> **DATASET RECORDS**:
[Start of section]

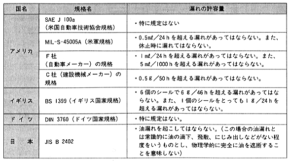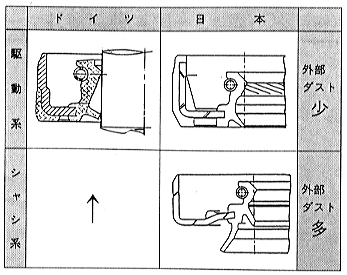 ID-S66 海外におけるオイルシールの技術動向について 1.オイルシールの規格 オイルシールは主要ユーザーである自動車産業の活発な欧米、日本で改良・開発が盛んに行われています。その規格は、アメリカではSAE、ドイツではDIN規格などで、日本ではJIS B 2402で定められているが(表1)、一般に使用されるオイルシールは使用条件や取付方法などにより数多くあり、それぞれの規格では標準形状、標準条件を定める程度となっています。 ![]() 密封流体のにじみ出し程度の漏れは許容している規格が多いが、近年の信頼性向上のニーズからも実際上は漏れが許容されることはほとんどありません。 2.海外の技術動向 (1)欧州 欧州におけるオイルシールは、発祥の地ドイツを中心に研究・開発が活発に行われています。アウトバーンに代表される高速道路が発達していることからも、欧州では高速度用オイルシールが主体となっています。 (1)シール形状 駆動系およびシャシ系の代表的なシール形状を見ると(図1)、外部ダストの多少に関わらずダストリップ付シールが大半だが、日本では外部ダストの多いハブなどの使用箇所ではサイドリップ付シールを使うのに対して、ドイツでは、舗装率が高く日本ほど外部ダストの影響を考慮しなくてもよいことから、そうした形状のものはほとんどありません。 ![]() 図1 シール形状比較(日欧) また、リップ形状は高速走行による摺動発熱を抑えられるような低トルク形状が多用されています。この低トルク形状リップは、シール発熱の低減だけでなく寿命延長にも効力を発揮することから、日本でも採用が進んでいます。 (2)シール材料 オイルシール用ゴム材料は以前はニトリルゴムが主体だったが、高速化が早くから進展したことにより、アクリルゴム(ACM)、ふっ素ゴム(FKM)に移行し、近年は特に耐熱性に優れるFKM材が主流となっています。材料の性質として、FKM材に次いで耐熱性のよいシリコンゴム(VMQ)は引張強さ・引裂抵抗が他の材料に比べて小さいため(表2)、シールの軸装着時にリップ傷が付きやすいなどの欠点があり、欧州ではほとんど使われていません。日本では以前、エンジン用オイルシールでVMQ材が多用されていたが、現在では信頼性向上からFKM材が使われることが多いです。 ![]() (2)北米 アメリカでは近年まで、エンジンシールではひも状のジュートシール、バルブシステムではOリングなど様々なシールが使われていたが、日本車との競合から品質面での改善が進んだ結果、オイルシールも日本や欧州と同様の仕様のものが使われはじめています。 (1)シール形状 日欧と大きく異なる形状ではないが、周辺機器を取り込んだユニット化が進んでいる点が特徴的です。シャシ系に使用されるユニタイズドシールの一例を見ると(図2)、スリーブ付とすることにより相手軸の加工コストを低減するとともに、メンテナンスを容易にしています。他にもユニット化によるトータルコストダウンを目的に、エンジンシール、バルブステムシールなど、ユニット化やパッケージ化の検討が活発に行われています。日本でも、リテーナー一体型オイルシール(図3)などで一部、ユニット化が始まっており、今後、活発化すると見られています。
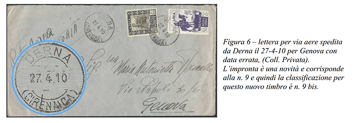 Fin qui non ho trattato novità e non è da me, non scrivo articoli compilativi trattando argomenti già noti. Anche in questo caso, quindi, ho alcune novità da proporre ai miei lettori. La prima novità è un nuovo annullo DERNA (CIRENAICA) con data errata, ma questa volta è con le parentesi che racchiudono il nome della Regione e senza le stellette ai lati del datario. Si tratta di un invio postale per via aerea del 27.4.10 (40) per Genova (figura 6).
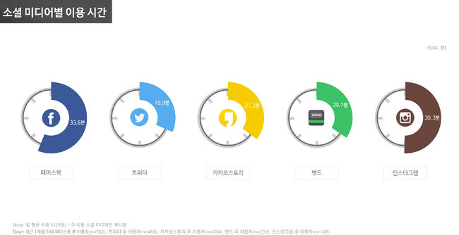 광고마케팅 플랫폼 기업 DMC미디어가 지난 5일 발표한 ‘2016 소셜 미디어 이용 행태 및 소셜 미디어 광고 접촉 태도 분석 보고서(만 19세~59세 남녀 800명 표본조사)’에 따르면 최근 1개월 이내 소셜 미디어 이용경험이 있는 응답자 중 페이스북 주 이용자의 일 평균 이용 시간이 33.6분으로 가장 길었다. 다음으로 인스타그램(30.3분), 카카오스토리(21.2분), 밴드(20.7분), 트위터(18.9분) 순으로 확인됐다.
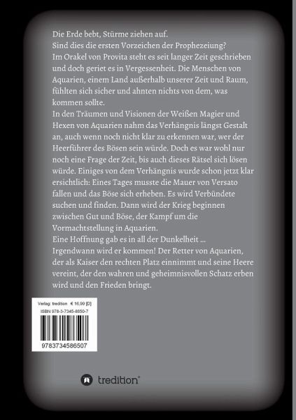 Die Erde bebt, Stürme ziehen auf. Sind dies die ersten Vorzeichen der Prophezeiung? Im Orakel von Provita steht es seit langer Zeit geschrieben und doch geriet es in Vergessenheit. Die Menschen von Aquarien, einem Land außerhalb unserer Zeit und Raum, fühlten sich sicher und ahnten nichts von dem, was kommen sollte. In den Träumen und Visionen der Weißen Magier und Hexen von Aquarien nahm das Verhängnis längst Gestalt an, auch wenn noch nicht klar zu erkennen war, wer der Heerführer des Bösen sein würde. Doch es war wohl nur noch eine Frage der Zeit, bis auch dieses Rätsel sich lösen würde. Einiges von dem Verhängnis wurde schon jetzt klar ersichtlich: Eines Tages musste die Mauer von Versato fallen und das Böse sich erheben. Es wird Verbündete suchen und finden. Dann wird der Krieg beginnen zwischen Gut und Böse, der Kampf um die Vormachtstellung in Aquarien. Eine Hoffnung gab es in all der Dunkelheit ... Irgendwann wird er kommen! Der Retter von Aquarien, der als Kaiser den rechten Platz einnimmt und seine Heere vereint, der den wahren und geheimnisvollen Schatz erben wird und den Frieden bringt.
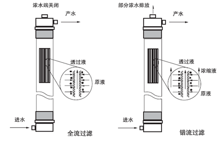 超濾系統可以按照全流或死端過濾、錯流過濾(Cross-flow)兩種運行模式操作。
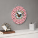 design de excelente apresenta fundo de xadrez vermelho-piquenique diagonal com a haste do eucalipto com aquarela e ilustração colorida do galo e face do relógio numeral romano
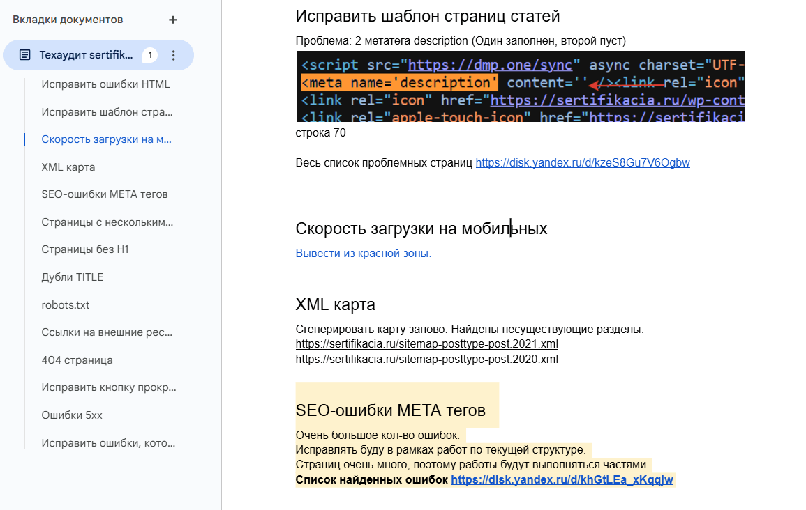 На первом этапе мы провели комплексную техническую проверку сайта, чтобы выявить любые ошибки или недочеты, которые могут негативно влиять на его индексацию и ранжирование в поисковых системах.
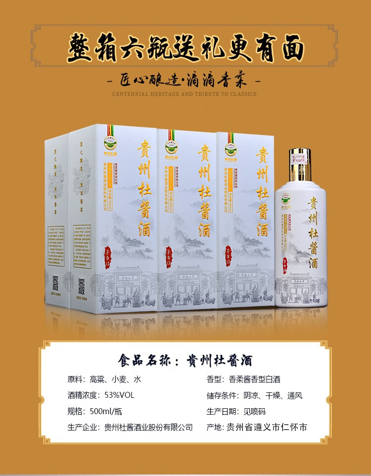 杜酱酒 茅台镇53度香柔酱香型白酒 纯粮食酒 窖藏陈酿老酒 53度 500mL 6瓶 整箱装+礼袋
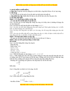 ị vị trí vân sáng, vân t i ố trong hi n ệ tư ng ợ giao thoa ánh sáng? Câu 5: Em nãy nêu đi u ề ki n ệ để có sóng d ng ừ trên dây có 2 đ u ầ c ố đ nh ị và đi u ề ki n ệ đ ể có sóng d ng ừ trên dây có m t ộ đ u c ầ ố đ nh, m ị ột đ u t ầ do? ự Bư c ớ 2: HS th c ự hi n ệ nhi m ệ v h ụ c ọ t p ậ - HS quan sát câu h i ỏ trên màn hình đ t ể r l ả i ờ cho câu h i ỏ mà GV đ a ư ra. Bư c ớ 3: Báo cáo k t q ế u h ả o t đ ạ n ộ g và th o l ả u n ậ HS trả l i ờ : Câu 1: Các đại lư ng ợ đ c ặ tr ng c ư a ủ sóng là: - Biên độ sóng - Bư c ớ sóng: λ (m) - Chu kì : T (s) - Tần s : ố f ( hz) - T c ố đ : ộ v (m/s) - Cư ng đ ờ ộ sóng : I ( W/m2) Câu 2: M i ố liên h gi ệ a ữ các đại lư ng ợ λ,v,f,T: v= λ.f = λ/T Câu 3: - Hi n ệ tư ng
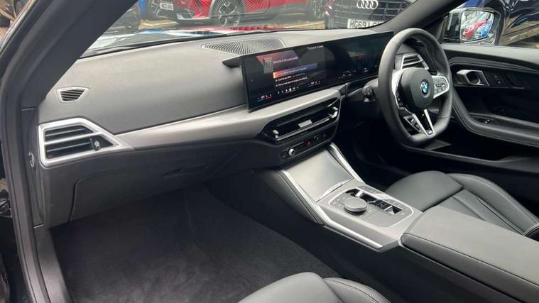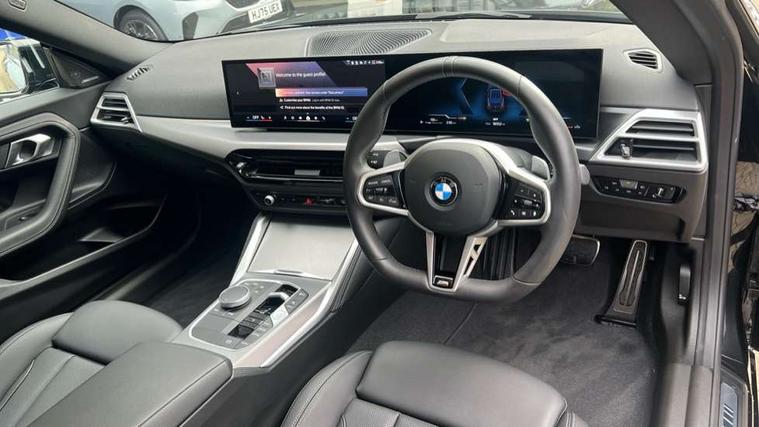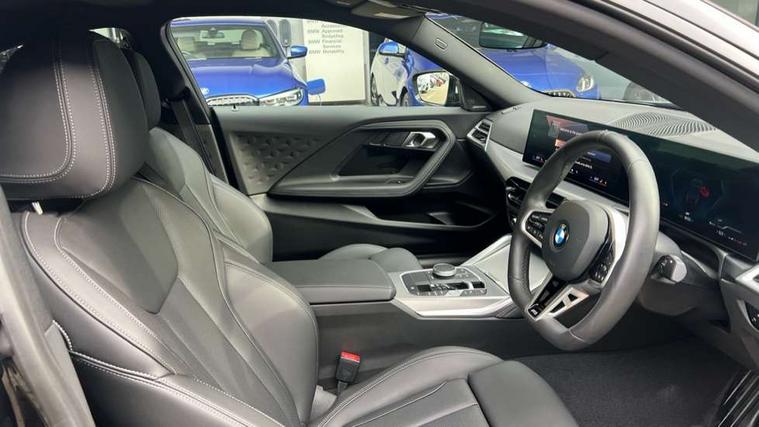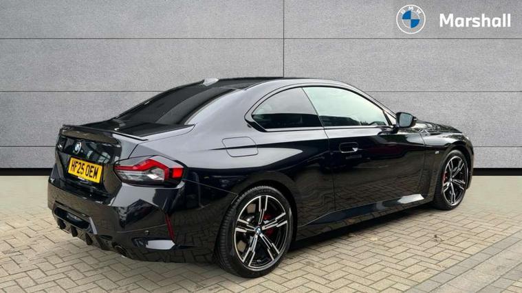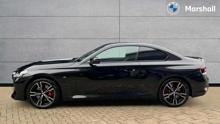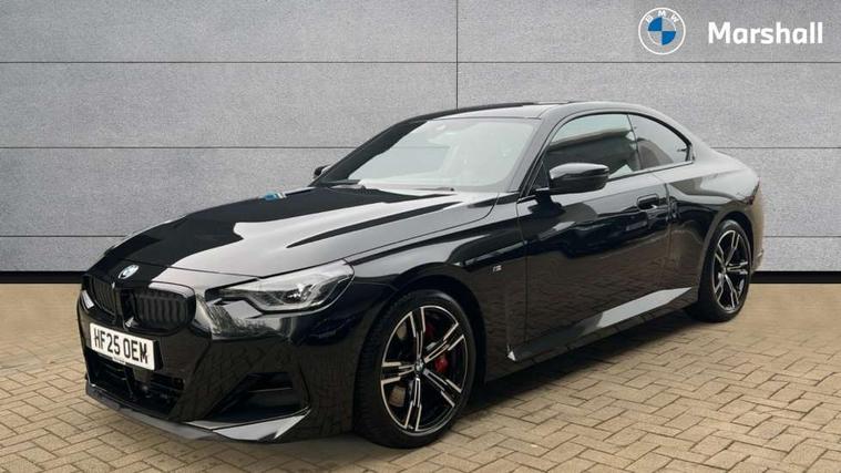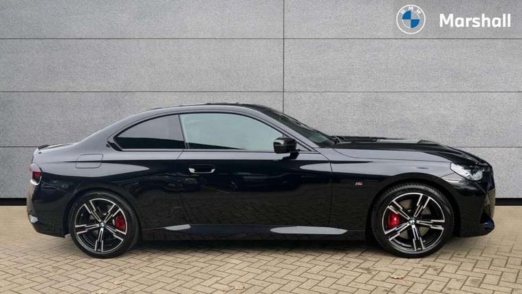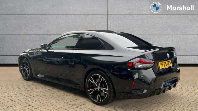 2 USB connections for charging and transferring data, Active guard plus, Attentiveness assist, Bluetooth with USB, BMW ConnectedDrive online services, BMW Intelligent Personal Assistant, BMW Live cockpit plus, BMW operating system 8 with variable, configurable widgets display information in real time, BMW Teleservices, Check Control warning system for monitoring of lights and door/luggage compartment open warning, Control Infotainment, Direct selection buttons, Drive off assistant, Eco pro mode, Electric power steering, eSim with 5G connectivity, Front and rear parking sensors, iDrive controller with turn and press function, Integrated owners handbook, Intelligent functions, Oil sensor for level and grade, Optimum shift indicator, Personal Profile, Smartphone integration, Touch operation on control display, Variable sport steering, Widescreen multi-media display, WiFi interface for wireless connection of mobile terminal devices, Aluminium lightweight construction, Balancer shaft, BMW TwinPower Turbo four-cylinder petrol engine, Double VANOS, Drive performance control with ECO PRO comfort + sport mode, Electronic differential lock, High precision injection, M sport suspension, Petrol Particulate Filter, Steptronic transmission with gearshift paddles, Twin scroll turbocharger with Valvetronic, DAB tuner, Acoustic windscreen wipers for reduced driving noise, Automatic windscreen wipers and automatic headlight, Body colour door handles flush with door surface, Body colour door mirrors, Body colour front and rear bumpers, Daytime running lights, Electric windows - front and rear, with open/close fingertip control and trap release, Exhaust tailpipes x2 - 90mm in left and right, Fading support, Front and rear bumper system with replaceable deformation elements, Front door sill finishers in black plastic with BMW designation, Front windscreen wipers with integrated washer jets, Green tinted heat protection glazing, High beam assistant, High gloss black sill, bumper trim sides and diffuser insert, High level third brake light, Indicators integrated int mirror housing, Interior rear-view mirror with automatic anti-dazzle function, LED registration plate light, LED technology rear tail lights, brake lights and turn indicators, Lightweight engineering, M high gloss shadowline, One piece kidney grille with hight gloss chrome surround, Rear boot, Rear fog lights, Reversing light in rear light cluster, Shark fin antenna, Single part LED rear lights with smoked glass components, Trailer stabilisation logic, Visible VIN plate, 12V power socket in front centre console with blanking plug, 2 cupholders in front centre console, 2 zone automatic air conditioning, Ambient lighting, Compartment in front of cupholder, Conditioned based service, English handbook, Folding rear seat head rests, Front and rear side armrests integrated into door trim, Front armrest, Front door pockets, Front head restraints, Heated front seats, Illuminated glove compartment with separate small compartment, M headliner Anthracite, M sport leather steering wheel, Manually adjustment steering wheel column, Rear seat backrest with manual 40:20:40 split folding, Rear seat centre foldable armrest with integrated cup holder, Single front passenger seat, Storage compartment between rear seats, Storage tray and compartment with cover in centre console, Sun visors with vanity mirrors and insert tab, Through loading system with 40/20/40 split folding 2 rear seat in 2nd row, Velour floor mats, Additional storage compartment pack without USB - 2 Series Coupe, Connected pack professional - 2 Series Coupe, 2 tone horn, Anti lock braking system (ABS) with cornering brake control, Automatic Stability Control (ASC), BMW emergency call, Brake drying, Child seat ISOFIX attachment for the two outer rear seats, Crash sensor activating of airbags, Unlocking doors, hazard warning lights, interior light, safety battery terminal, Deactivation of fuel pump in the event of a crash, Driver and front passenger airbags, Driver and front passenger side airbags, integrated in the door side seat backrest bolsters for all seat variants, Dynamic brake control, Dynamic stability control + (DSC+), Dynamic Traction Control - DTC, Electrically operated hand brake including automatic hold function and automatic release when driving off, Front and rear disc brakes, Front centre airbag between driver and front passenger seats, Front passenger airbag deactivation, Head airbags for all 4 outer seats, PC iBrake (Post crash approach control warning with light braking function), Seat belt security check for driver and front passenger, Seatbelt warning, Side impact protection, Three point seat belts on 4 seats including front belt stopper, pyrotechnic belt tensioners and belt force limiters, Tyre pressure monitoring system, Warning triangle and first aid kit, Alarm system (Thatcham 1) with remote control and electronic engine immobiliser, Central locking switch for all doors, fuel filler cap and luggage compartment, Deadlocking function system to all doors, Drive away locking system on all doors and luggage compartment, Locking wheel bolts, Start/Stop button (illuminated) in centre console with keyless engine start and Auto Start-Stop deactivation button, Two remote control key with integrated key - one button for open and close doors/fuel flap/tailgate and separate button for unlock luggage compartment, Electrically powered 12V compressor, Reduced rolling resistance tyres, Tyre repair kit,

[End of section]

> **EXERCISE GOAL**: Return the stretch of data that begins with the line showing "광고마케팅 플랫폼 기업" and goes on through the line showing "杜酱酒 茅台镇53度香柔酱香型白酒 纯粮食酒", exactly, with pictures removed.

> **EXERCISE RESPONSE**:
 광고마케팅 플랫폼 기업 DMC미디어가 지난 5일 발표한 ‘2016 소셜 미디어 이용 행태 및 소셜 미디어 광고 접촉 태도 분석 보고서(만 19세~59세 남녀 800명 표본조사)’에 따르면 최근 1개월 이내 소셜 미디어 이용경험이 있는 응답자 중 페이스북 주 이용자의 일 평균 이용 시간이 33.6분으로 가장 길었다. 다음으로 인스타그램(30.3분), 카카오스토리(21.2분), 밴드(20.7분), 트위터(18.9분) 순으로 확인됐다.
 Die Erde bebt, Stürme ziehen auf. Sind dies die ersten Vorzeichen der Prophezeiung? Im Orakel von Provita steht es seit langer Zeit geschrieben und doch geriet es in Vergessenheit. Die Menschen von Aquarien, einem Land außerhalb unserer Zeit und Raum, fühlten sich sicher und ahnten nichts von dem, was kommen sollte. In den Träumen und Visionen der Weißen Magier und Hexen von Aquarien nahm das Verhängnis längst Gestalt an, auch wenn noch nicht klar zu erkennen war, wer der Heerführer des Bösen sein würde. Doch es war wohl nur noch eine Frage der Zeit, bis auch dieses Rätsel sich lösen würde. Einiges von dem Verhängnis wurde schon jetzt klar ersichtlich: Eines Tages musste die Mauer von Versato fallen und das Böse sich erheben. Es wird Verbündete suchen und finden. Dann wird der Krieg beginnen zwischen Gut und Böse, der Kampf um die Vormachtstellung in Aquarien. Eine Hoffnung gab es in all der Dunkelheit ... Irgendwann wird er kommen! Der Retter von Aquarien, der als Kaiser den rechten Platz einnimmt und seine Heere vereint, der den wahren und geheimnisvollen Schatz erben wird und den Frieden bringt.
 超濾系統可以按照全流或死端過濾、錯流過濾(Cross-flow)兩種運行模式操作。
 design de excelente apresenta fundo de xadrez vermelho-piquenique diagonal com a haste do eucalipto com aquarela e ilustração colorida do galo e face do relógio numeral romano
 На первом этапе мы провели комплексную техническую проверку сайта, чтобы выявить любые ошибки или недочеты, которые могут негативно влиять на его индексацию и ранжирование в поисковых системах.
 杜酱酒 茅台镇53度香柔酱香型白酒 纯粮食酒 窖藏陈酿老酒 53度 500mL 6瓶 整箱装+礼袋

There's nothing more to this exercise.